Observations on antlers were summarized for 125 SBTD. Antlers were normal [Supplemental Material Figure 4 (http://www.ehponline.org/members/2005/8052/supplemental.pdf)] for 60 of 61 NCO deer and all 8 UCO deer; antlers on 1 NCO deer had sharp polished tips. However, only 17 of 56 BCO deer, including 15 on the AP, had normal antlers. Among abnormal antler sets from BCO deer [Supplemental Material Figure 4 (http://www.ehponline.org/members/2005/8052/supplemental.pdf)], 15 had sharp polished tips, 4 had an atypical/bizarre shape, 16 had an atypical/bizarre shape and also remained in velvet, and 4 remained in velvet. Hence, 62% of these BCO males had a shape defect, 36% a velvet defect, and 29% both a shape and velvet defect.

Figure 4

Testicular CIS. (A) CIS-like cells (arrows) in the basal aspect of a seminiferous tubule from the testis of NCO deer 03-12. Compare the size and abnormal contours of the nuclei in these cells with those of spermatogonia in the lower tubule. Methylene blue and Safranin-O staining. (B) An intratubular tumorous nodule (designated by arrows) containing CIS-like cells in BCO deer 03-14. Note the foaminess and hypertrophy of Leydig cells and compare with those in A. Methylene blue and Safranin-O staining. (C) Transmission electron micrograph of an atypical germ cell from the testis of BCO deer 03-7. Note abnormal nuclear contours, chromatin clumps, and altered nucleolonema in large nucleolus, swollen mitochondria, and unusual membranous profiles. (D) Transmission electron micrograph of a cluster of CIS-like cells from the testis of BCO deer 03-6. Note meandering, marginated nucleoli typical of seminomatous lesions and swollen mitochondria in each of these cells. Scale bars: A and B = 25 μm; C and D = 2 μm.

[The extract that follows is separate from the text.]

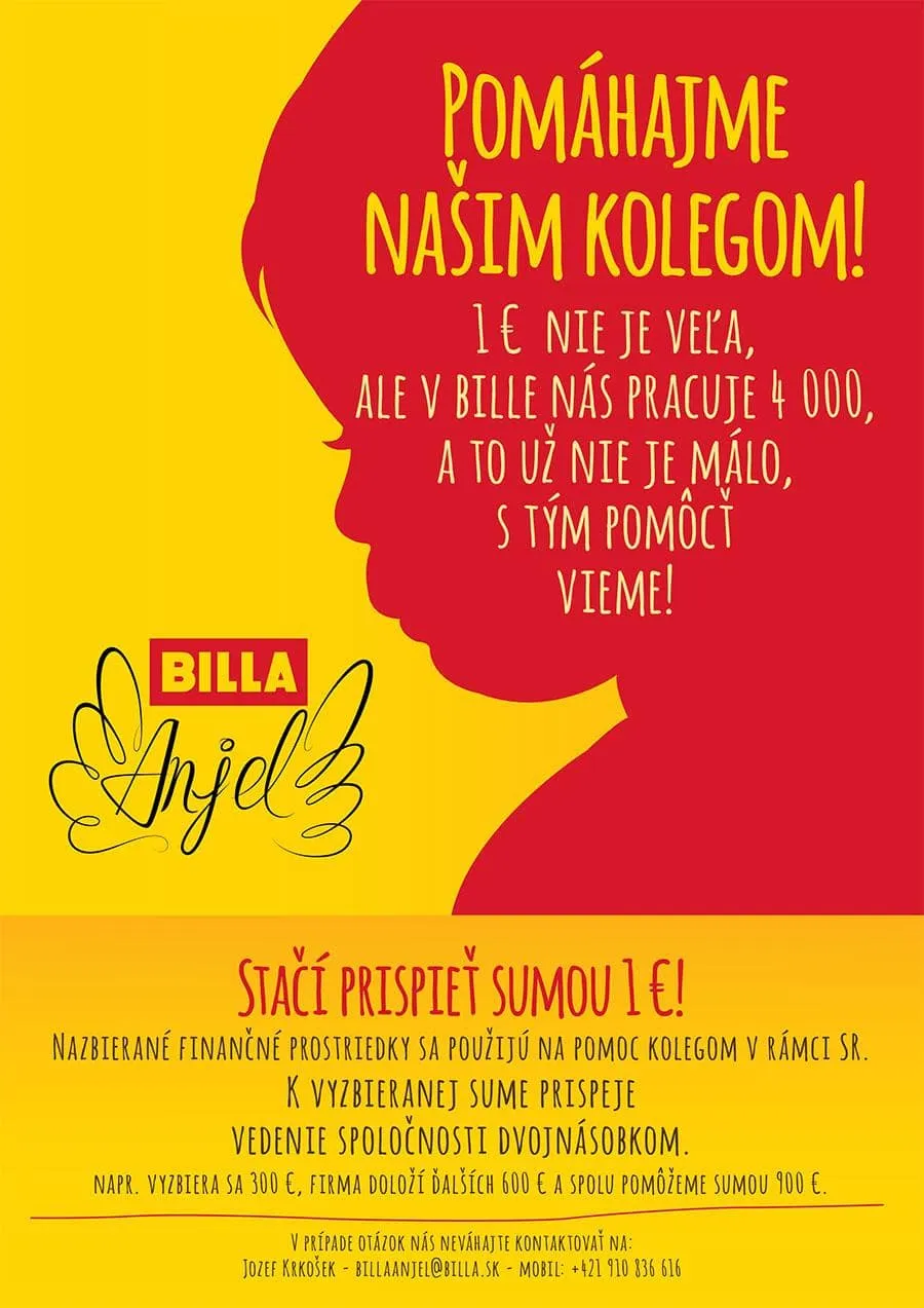Občianske združenie BILLA ľuďom myslí aj na tých zamestnancov našej spoločnosti, ktorí sa ocitnú v núdzi. Projekt BILLA Anjel je zameraný na pomoc spolupracovníkom, ktorí sa ocitli v neľahkej životnej situácii. Pomoc je o to cennejšia, že ide priamo od kolegov ku kolegom a je podporená spoločnosťou, v ktorej pracujú. V roku 2019 sme takto interne pomohli 10 kolegom sumou 15.771,86 eur, ktoré sa vyzbierali z predajní a následne príspevok z občianskeho združenia tvoril čiastku 36.043,72 € , teda celková čiastka pomoci tvorila sumu 51 815,58 €. Pomohli sme im zabezpečiť kúpeľnú liečbu, lieky a výživové doplnky, zdravotné pomôcky , rehabilitačné pomôcky na zlepšenie zdravotného stavu.
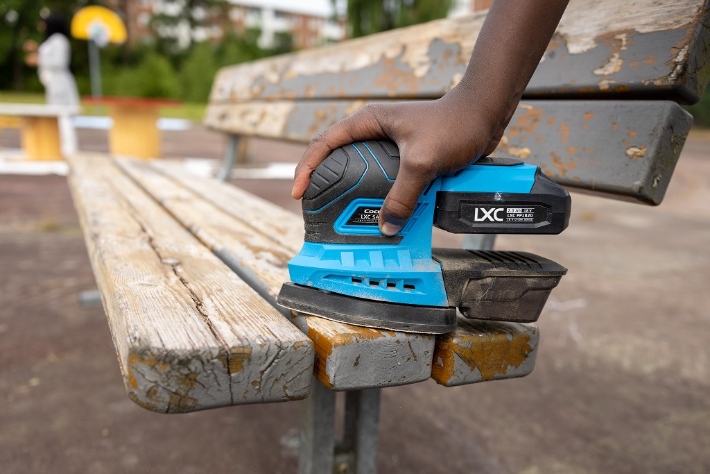 Designklubben5 Published 2022-10-05 at 1024 × 683 in Designklubben5 ← Föregående Nästa → Bänkar slipas för att sedan målas om. En hand håller i en slipmaskin och slipar en bänk.

On average (geometric means), serum concentrations of testosterone were similar for NCO and BCO deer whose antlers had shed velvet (3.8 vs 1.9 ng/mL; n = 34, 27; p = 0.09). Values for 7 UCO deer averaged 1.7 ng/mL. All but 1 NCO deer had normal antlers. Regarding BCOs (Figure 2), testosterone concentrations for deer whose antlers were covered with velvet were lower than those for deer whose antlers were abnormal without velvet or were normal. Geometric means were 0.2, 2.0, or 1.7 ng/mL; the latter two values were not significantly different.

Testicular histopathology

Testicular tissue from 12 deer hunted in 2003 was examined (4 NCO, 2 UCO, 6 BCO). Normal progression of spermatogenesis [Supplemental Material Figure 5A (http://www.ehponline.org/members/2005/8052/supplemental.pdf)] was evident in scrotal testes of all NCO and UCO deer. However, degenerative changes in the seminiferous epithelium ranging from focal vacuolation (because of desquamation of immature germ cells) to complete loss of germ cells leaving only Sertoli cells [Supplemental Material Figure 5B (http://www.ehponline.org/members/2005/8052/supplemental.pdf)] also were observed. The DGEL in scrotal testes of the 4 NCO and 2 UCO deer ranged from 11 to 80 (Table 1); the higher the value, the more the degeneration. A defect that occurs during spermiogenesis, sharing of a single acrosome between two or more spermatids, was encountered occasionally in 2 of the 4 NCO deer.

Figure 5

Testicular tumors. (A) Intratubular seminoma-like cells in BCO deer 03-14. Note considerable variation in size and shape of nuclei; such tumors have been designated as anaplastic. PAS and hematoxylin staining; differential interference contrast microscopy. (B) Intratubular, solid Sertoli cell tumor in the testis of BCO deer 03-6. Note regressed Leydig cells in the interstitium and compare with foamy, hypertrophic Leydig cells in association with the seminoma in A. Methylene blue and Safranin-O staining. (C) Leydig cell tumor (LCT) causing distortion of seminiferous tubules (ST) containing only Sertoli cells in the testis of BCO deer 03-03. (D) Stromal cell tumor in the testis of BCO deer 03-6. H&E staining. Scale bars: A and B = 25 μm; C and D = 100 μm.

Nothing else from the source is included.